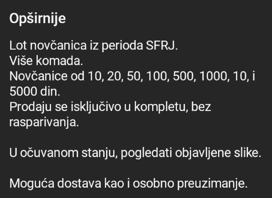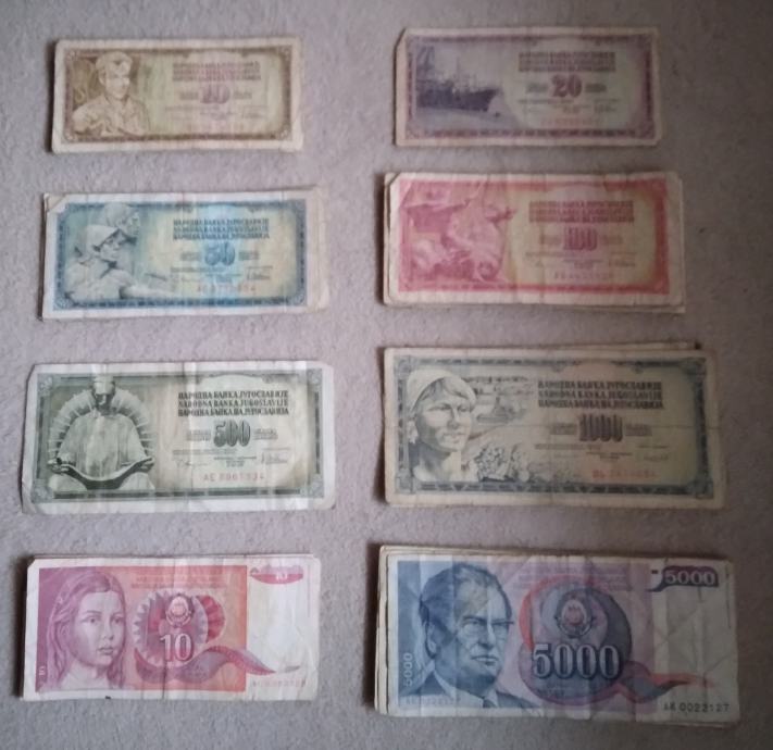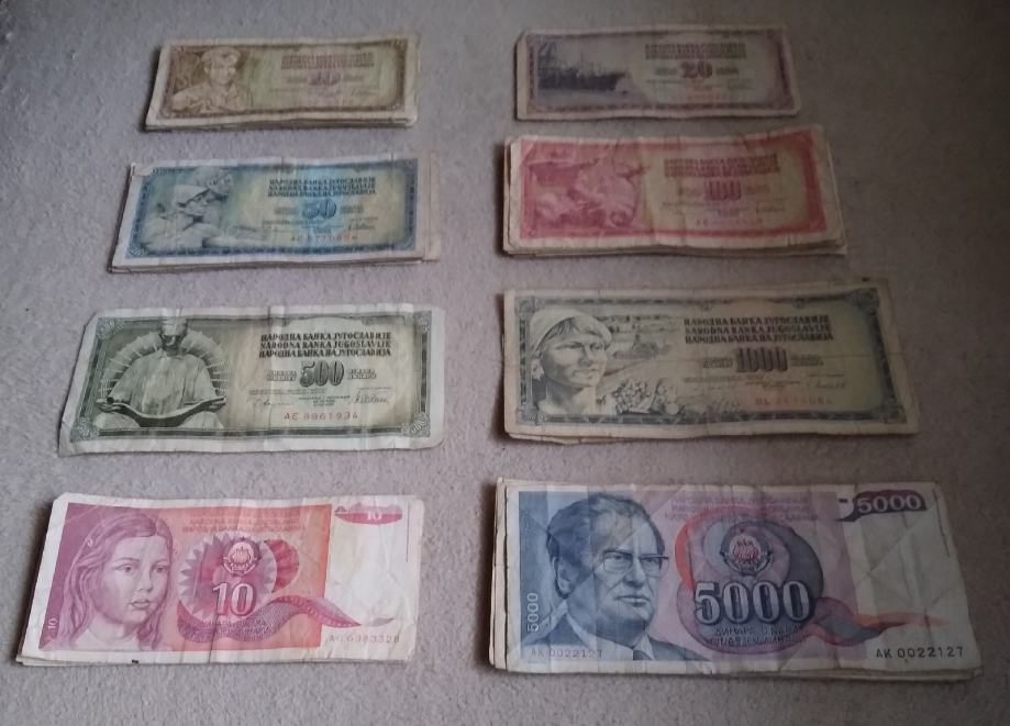 Novčanice od 10, 20, 50, 100, 500, 1000, 10, i 5000 din.
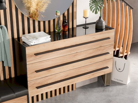 • Размер фасада ящика 1150х190 мм, глубина ящика 300 мм. На верхнем горизонте тумбы закреплено стекло черное 4 мм
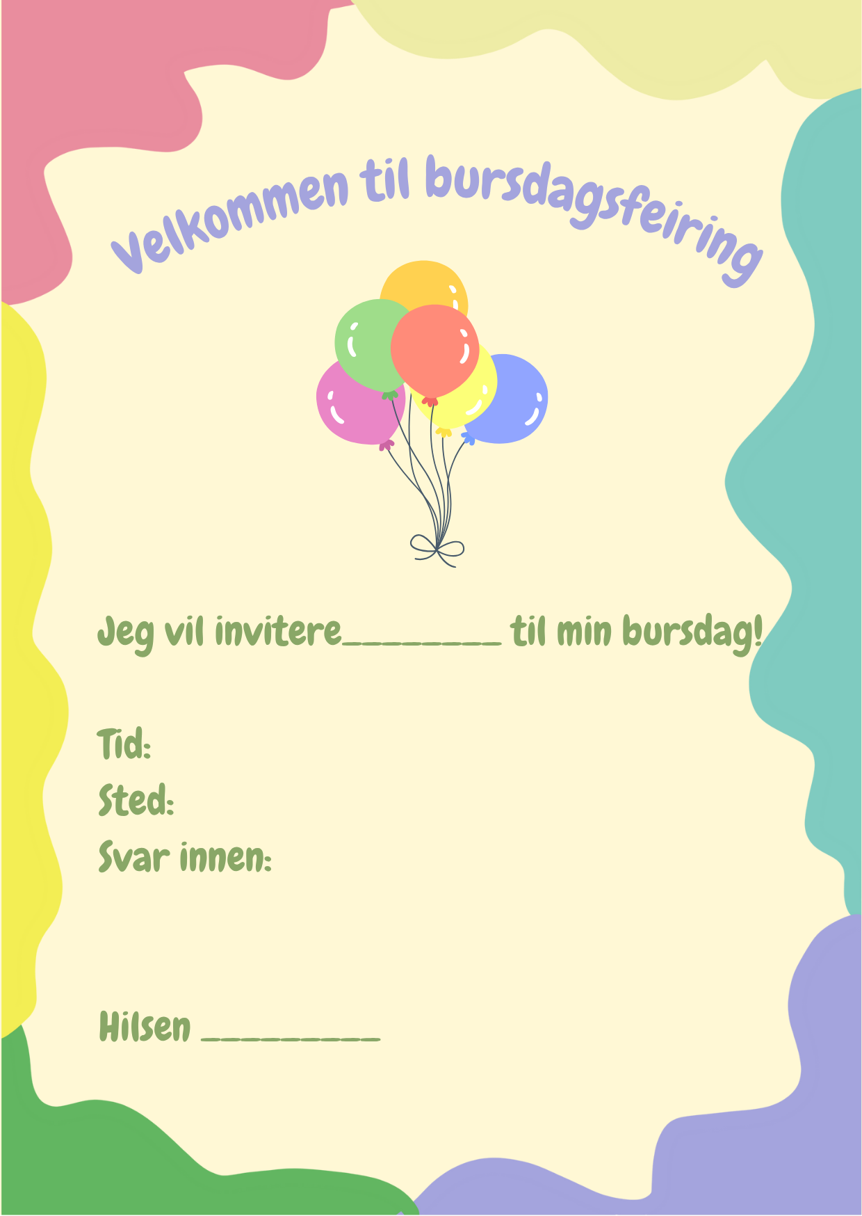 Gjør bursdagsplanleggingen enkel og morsom med vår nedlastbare bursdagsinvitasjon! Dette er en søt og barnevennlig invitasjon som passer perfekt til barneselskaper – klar til å fylles ut med navn, tid, sted og svarfrist.
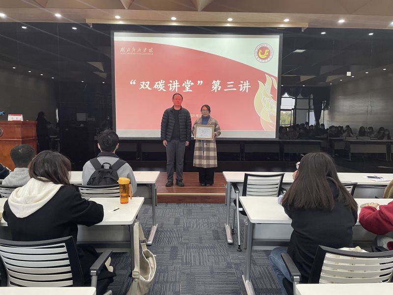 讲座开始前,学院院长助理黄锦鹏对主讲人虞毅的到来表示热烈的欢迎,并为其颁发了“双碳讲堂”纪念证书。
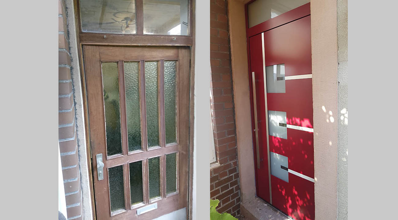 Ausgeführte Arbeiten: Aufmaß, Demontage der vorhandenen Türelemente, Entsorgung, Lieferung und Montage der neuen Tür, Verleistung und Versiegelung. Die Fotos links zeigen den ursprünglichen Zustand des Gebäudes. Auf den Fotos rechts sehen Sie die neue Ansicht nach dem Austausch der jeweiligen Haustüranlage.
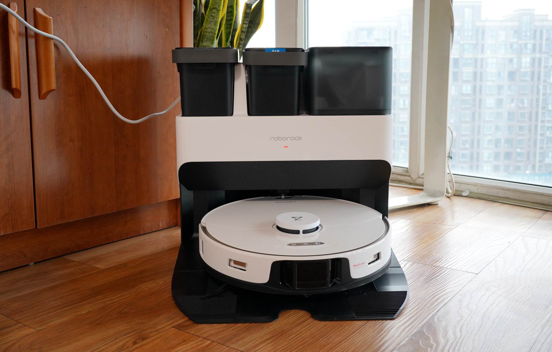 G10S这次最大的突破主要是在基站的设计上。G10S可以实现自动抑菌(清水箱带银离子模块)、自动集尘(2.5L大容量尘袋60天月抛)、自动烘干(需要单独购买模块)、自动上下水(需要单独购买模块),功能上可谓十分丰富。从体型上看,G10S延续了黑白的撞色搭配,整体来看个头也并不算大,下面介绍下这款功能丰富的底座。石头G10S自动集尘采用了集尘袋的设计,使用大约60天后,可以选择直接扔掉集尘袋。这里还有个小细节,集尘袋的卡扣是塑料材质,相比于一般的纸质材质,插拔的体验感更佳。
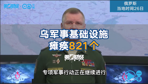 当地时间2月26日,俄罗斯国防部发布最新公告表示,俄罗斯武装部队已使821个乌克兰军事基础设施瘫痪,其中包括14个军用机场,19个军事通信站点,24个S-300和 "奥黄蜂 "及其它防空导弹系统,48个雷达站。此外,俄军共击落击落7架战机,7架直升机,9架无人机,击毁87辆坦克和装甲战车, 28座多管火箭炮,118辆特种军用车以及8艘乌克兰海军舰艇。
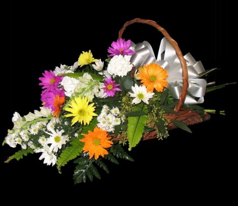 A fireside basket design is an open sided basket that can have the flowers coming out from all sides or looking as if you just picked the flowers from a meadow or flower garden with the flower heads on one sides and the stems on the opposite side. Keep in mind that this is an illusion, because flowers would not last long without a flower source.
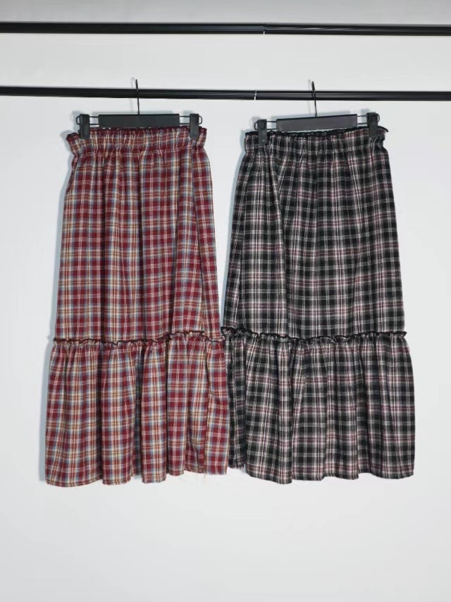 黑色底拼紅色格線 經典英倫風配色的半身長裙!
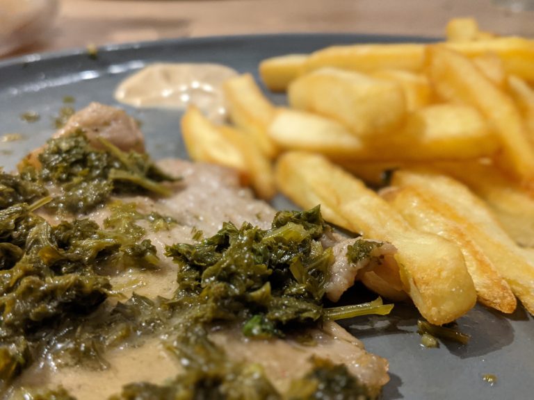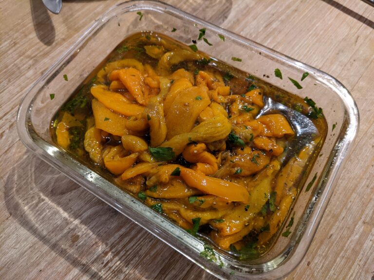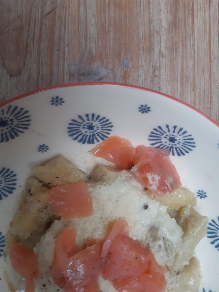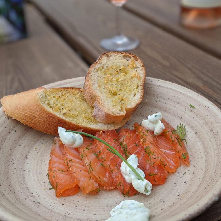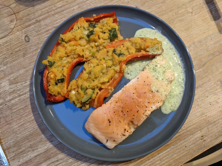 Saumon à l’unilatérale, poivrons farcis, sauce roquette
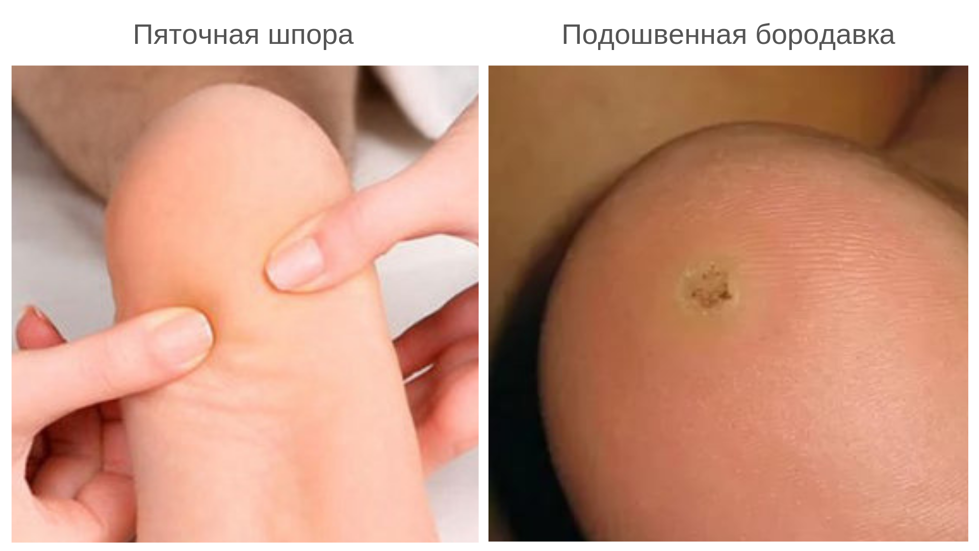 Часто за плантарный фасциит принимают подошвенную бородавку на пятке. На самом деле, пяточная шпора и бородавка не имеют ничего общего, т.к. костно-солевой шип находится глубоко в мягких тканях и никак не проявляется на подошве.
——
### Description of the task
Every entry above should be printed again exactly, except for the pictures.

### Response below
 Novčanice od 10, 20, 50, 100, 500, 1000, 10, i 5000 din.
 • Размер фасада ящика 1150х190 мм, глубина ящика 300 мм. На верхнем горизонте тумбы закреплено стекло черное 4 мм
 Gjør bursdagsplanleggingen enkel og morsom med vår nedlastbare bursdagsinvitasjon! Dette er en søt og barnevennlig invitasjon som passer perfekt til barneselskaper – klar til å fylles ut med navn, tid, sted og svarfrist.
 讲座开始前,学院院长助理黄锦鹏对主讲人虞毅的到来表示热烈的欢迎,并为其颁发了“双碳讲堂”纪念证书。
 Ausgeführte Arbeiten: Aufmaß, Demontage der vorhandenen Türelemente, Entsorgung, Lieferung und Montage der neuen Tür, Verleistung und Versiegelung. Die Fotos links zeigen den ursprünglichen Zustand des Gebäudes. Auf den Fotos rechts sehen Sie die neue Ansicht nach dem Austausch der jeweiligen Haustüranlage.
 G10S这次最大的突破主要是在基站的设计上。G10S可以实现自动抑菌(清水箱带银离子模块)、自动集尘(2.5L大容量尘袋60天月抛)、自动烘干(需要单独购买模块)、自动上下水(需要单独购买模块),功能上可谓十分丰富。从体型上看,G10S延续了黑白的撞色搭配,整体来看个头也并不算大,下面介绍下这款功能丰富的底座。石头G10S自动集尘采用了集尘袋的设计,使用大约60天后,可以选择直接扔掉集尘袋。这里还有个小细节,集尘袋的卡扣是塑料材质,相比于一般的纸质材质,插拔的体验感更佳。
 当地时间2月26日,俄罗斯国防部发布最新公告表示,俄罗斯武装部队已使821个乌克兰军事基础设施瘫痪,其中包括14个军用机场,19个军事通信站点,24个S-300和 "奥黄蜂 "及其它防空导弹系统,48个雷达站。此外,俄军共击落击落7架战机,7架直升机,9架无人机,击毁87辆坦克和装甲战车, 28座多管火箭炮,118辆特种军用车以及8艘乌克兰海军舰艇。
 A fireside basket design is an open sided basket that can have the flowers coming out from all sides or looking as if you just picked the flowers from a meadow or flower garden with the flower heads on one sides and the stems on the opposite side. Keep in mind that this is an illusion, because flowers would not last long without a flower source.
 黑色底拼紅色格線 經典英倫風配色的半身長裙!
 Saumon à l’unilatérale, poivrons farcis, sauce roquette
 Часто за плантарный фасциит принимают подошвенную бородавку на пятке. На самом деле, пяточная шпора и бородавка не имеют ничего общего, т.к. костно-солевой шип находится глубоко в мягких тканях и никак не проявляется на подошве.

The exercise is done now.